Available data –
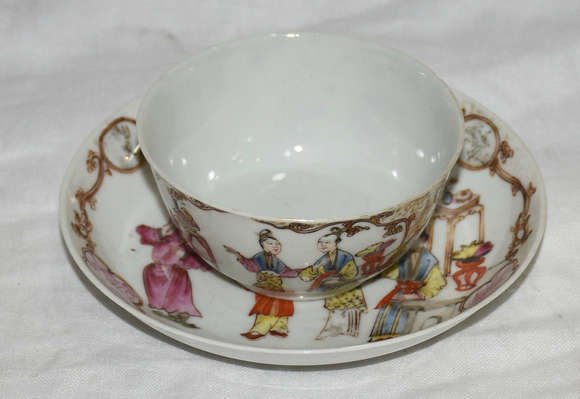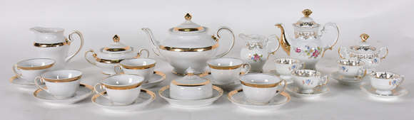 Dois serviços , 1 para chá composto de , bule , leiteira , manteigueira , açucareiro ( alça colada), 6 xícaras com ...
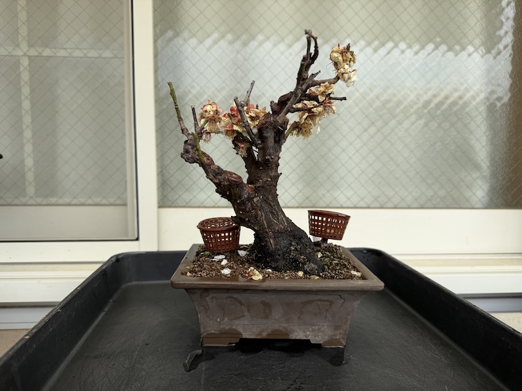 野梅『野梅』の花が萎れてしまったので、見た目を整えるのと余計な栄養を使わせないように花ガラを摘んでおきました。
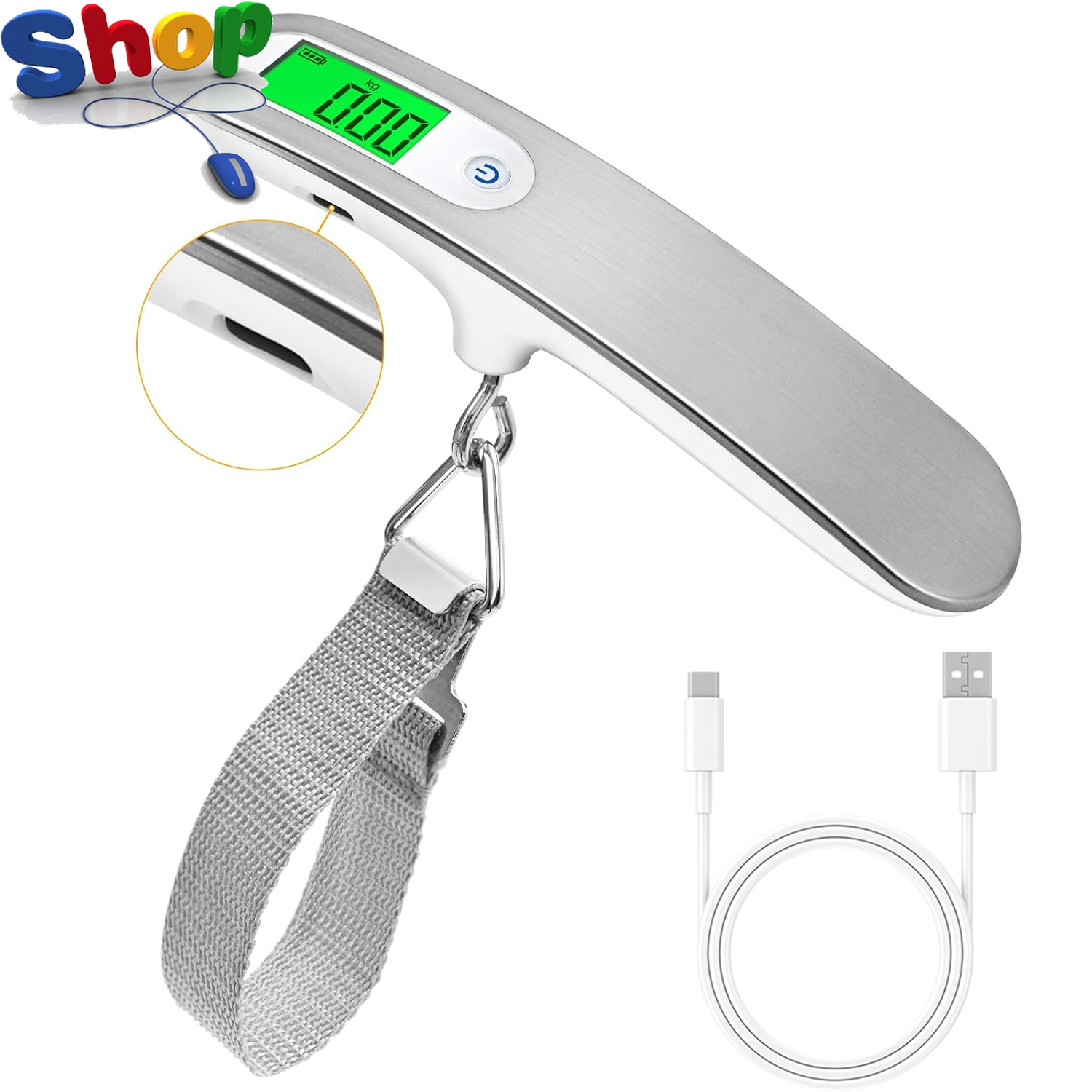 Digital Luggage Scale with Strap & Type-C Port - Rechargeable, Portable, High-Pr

Problem description –
Leave the pictures out, and print every line of the listing exactly as written.

Expected output –
 Dois serviços , 1 para chá composto de , bule , leiteira , manteigueira , açucareiro ( alça colada), 6 xícaras com ...
 野梅『野梅』の花が萎れてしまったので、見た目を整えるのと余計な栄養を使わせないように花ガラを摘んでおきました。
 Digital Luggage Scale with Strap & Type-C Port - Rechargeable, Portable, High-Pr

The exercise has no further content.